Experimenting with magic methods (__sizeof__ in particular) on different Python objects I stumbled over the following behaviour:

Python 2.7

>>> False.__sizeof__() 24 >>> True.__sizeof__() 24 

Python 3.x

>>> False.__sizeof__() 24 >>> True.__sizeof__() 28 

What changed in Python 3 that makes the size of True greater than the size of False?

Answer 1

It is because bool is a subclass of int in both Python 2 and 3.

>>> issubclass(bool, int) True 

But the int implementation has changed.

In Python 2, int was the one that was 32 or 64 bits, depending on the system, as opposed to arbitrary-length long.

In Python 3, int is arbitrary-length - the long of Python 2 was renamed to int and the original Python 2 int dropped altogether.

---

In Python 2 you get the exactly same behaviour for long objects 1L and 0L:

Python 2.7.15rc1 (default, Apr 15 2018, 21:51:34)  [GCC 7.3.0] on linux2 Type "help", "copyright", "credits" or "license" for more information. >>> import sys >>> sys.getsizeof(1L) 28 >>> sys.getsizeof(0L) 24 

---

The long/Python 3 int is a variable-length object, just like a tuple - when it is allocated, enough memory is allocated to hold all the binary digits required to represent it. The length of the variable part is stored in the object head. 0 requires no binary digits (its variable length is 0), but even 1 spills over, and requires extra digits.

I.e. 0 is represented as binary string of length 0:

<> 

and 1 is represented as a 30-bit binary string:

<000000000000000000000000000001> 

The default configuration in Python uses 30 bits in a uint32_t; so 2**30 - 1 still fits in 28 bytes on x86-64, and 2**30 will require 32;

2**30 - 1 will be presented as

<111111111111111111111111111111> 

i.e. all 30 value bits set to 1; 2**30 will need more, and it will have internal representation

<000000000000000000000000000001000000000000000000000000000000> 

---

As for True using 28 bytes instead of 24 - you need not worry. True is a singleton and therefore only 4 bytes are lost in total in any Python program, not 4 for every usage of True.

Answer 2

Both True and False are longobjects in CPython:

struct _longobject _Py_FalseStruct = {     PyVarObject_HEAD_INIT(&PyBool_Type, 0)     { 0 } };  struct _longobject _Py_TrueStruct = {     PyVarObject_HEAD_INIT(&PyBool_Type, 1)     { 1 } }; 

You thus can say that a Boolean is a subclass of a python-3.x int where True takes as value 1, and False takes as value 0. We thus make a call to PyVarObject_HEAD_INIT with as type parameter a reference to PyBool_Type and with ob_size as value 0 and 1 respectively.

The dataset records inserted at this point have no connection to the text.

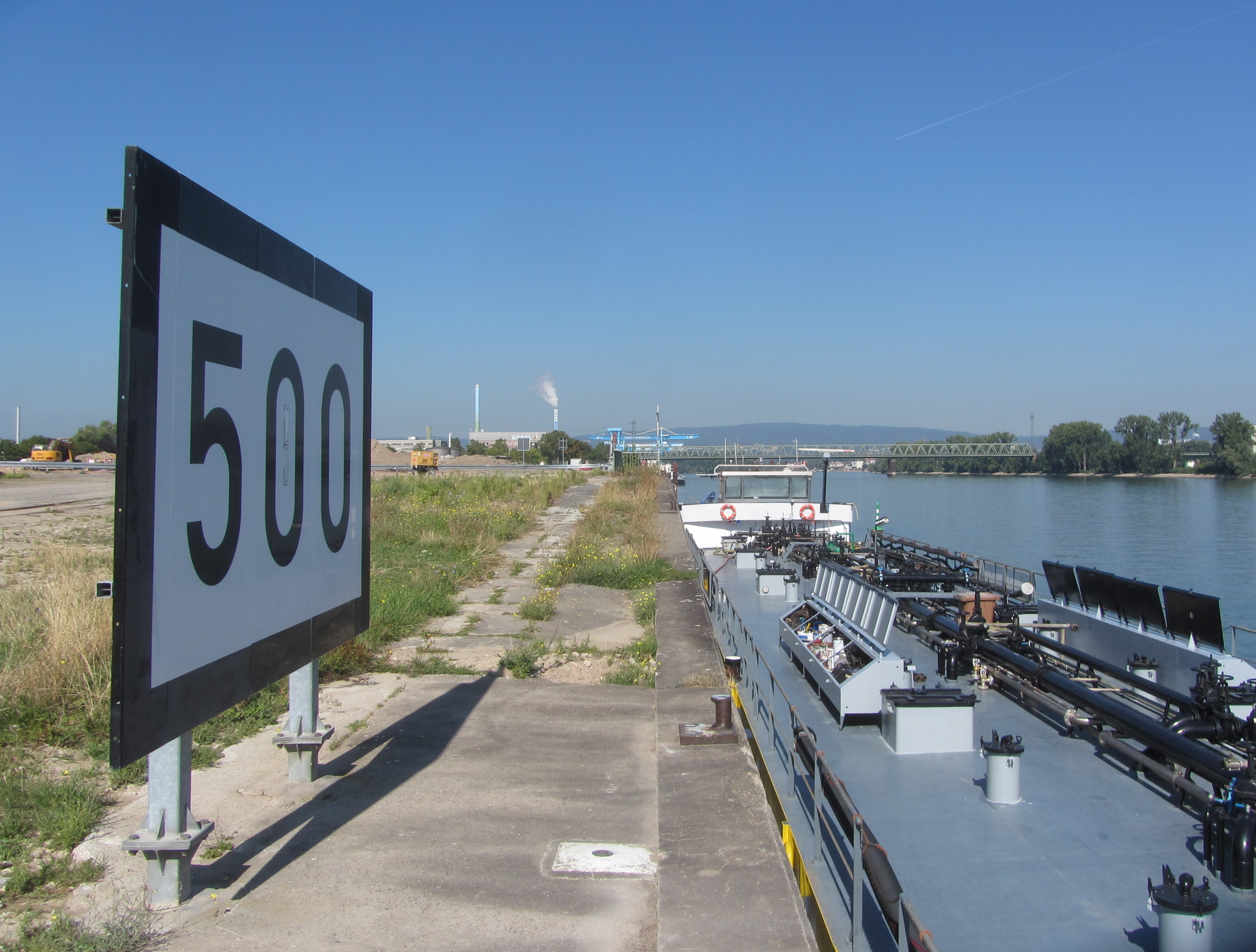 Rhine kilometer 500 at the Port of Mainz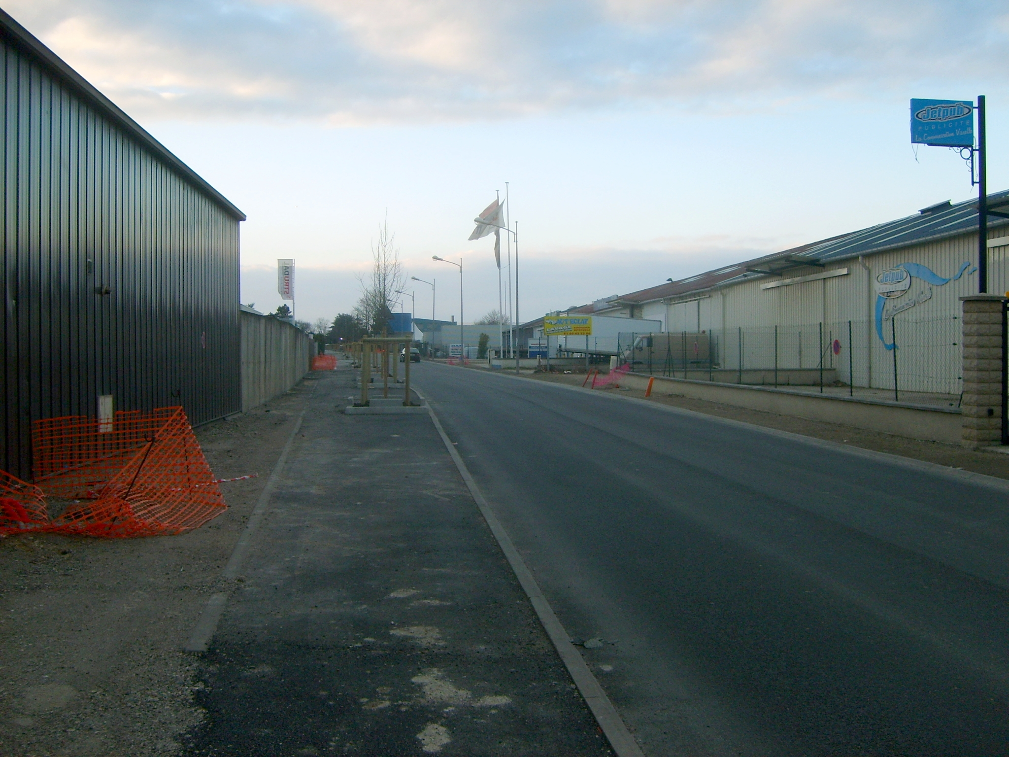 Industry of Brie Comte Robert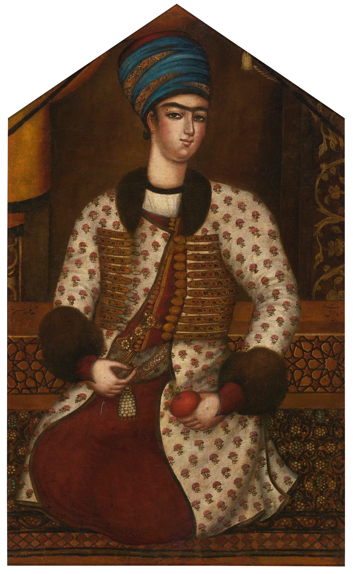 Portrait of Rustam Khan Zand, a minor Zand prince and grandson of Zaki Khan. Oil on canvas, framed 148 by 89cm. framed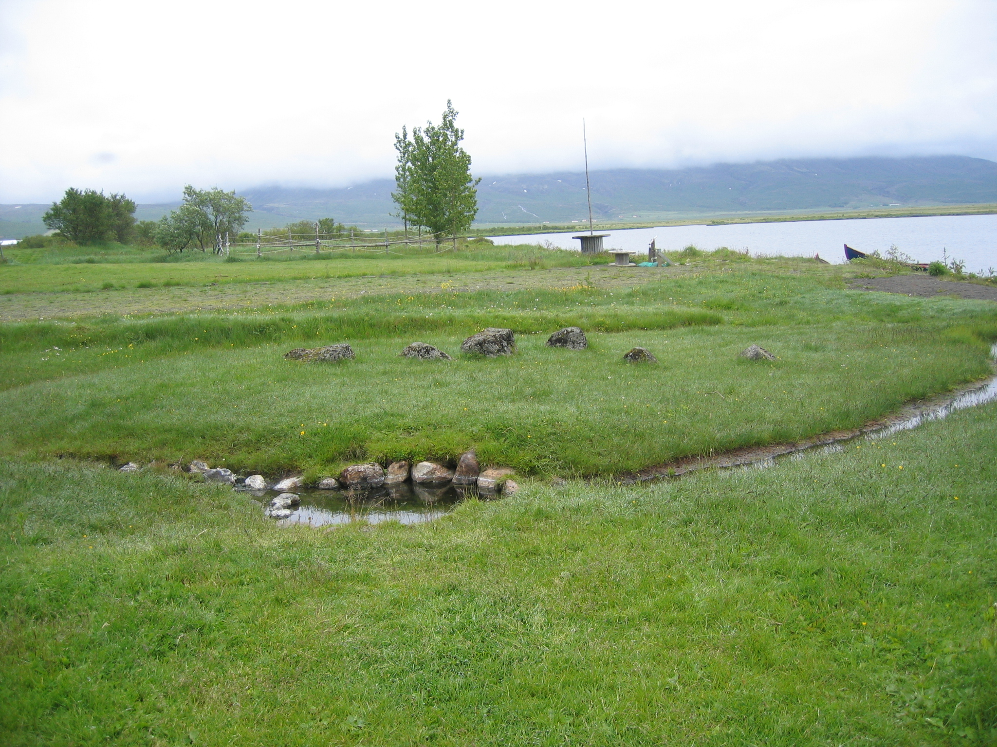 Vígðalaug at lake Laugarvatn, Iceland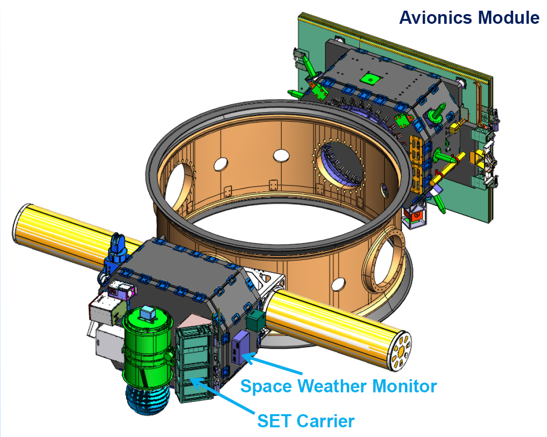 Drawing of the USAF Demonstration and Science Experiments (DSX) of Air Force Research Laboratory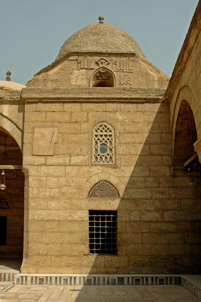 Sulayman Pasha Mosque. Citadel. Cairo. Egypt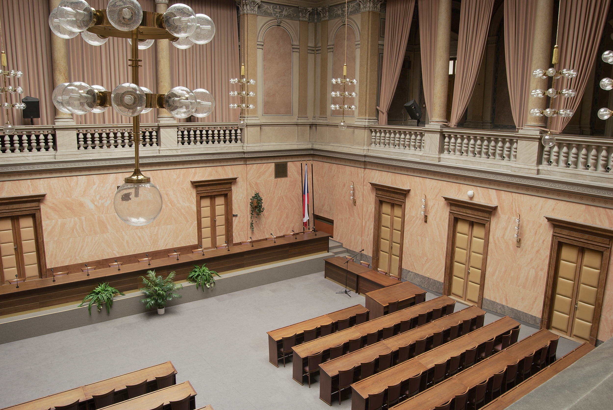 Moravian Provincial Diet - Assembly hall

Now since python-3.x, there is no long anymore: these have been merged, and the int object will, depending on the size of the number, take a different value.

If we inspect the source code of the longlobject type, we see:

/* Long integer representation.    The absolute value of a number is equal to         SUM(for i=0 through abs(ob_size)-1) ob_digit[i] * 2**(SHIFT*i)    Negative numbers are represented with ob_size < 0;    zero is represented by ob_size == 0.    In a normalized number, ob_digit[abs(ob_size)-1] (the most significant    digit) is never zero. Also, in all cases, for all valid i,         0 <= ob_digit[i] <= MASK.    The allocation function takes care of allocating extra memory    so that ob_digit[0] ... ob_digit[abs(ob_size)-1] are actually available.    CAUTION: Generic code manipulating subtypes of PyVarObject has to    aware that ints abuse ob_size's sign bit. */  struct _longobject {     PyObject_VAR_HEAD     digit ob_digit[1]; }; 

To make a long story short, an _longobject can be seen as an array of "digits", but you should here see digits not as decimal digits, but as groups of bits that thus can be added, multiplied, etc.

Now as is specified in the comment, it says that:

   zero is represented by ob_size == 0. 

So in case the value is zero, no digits are added, whereas for small integers (values less than 2³⁰ in CPython), it takes one digit, and so on.

In python-2.x, there were two types of representations for numbers, ints (with a fixed size), you could see this as "one digit", and longs, with multiple digits. Since a bool was a subclass of int, both True and False occupied the same space.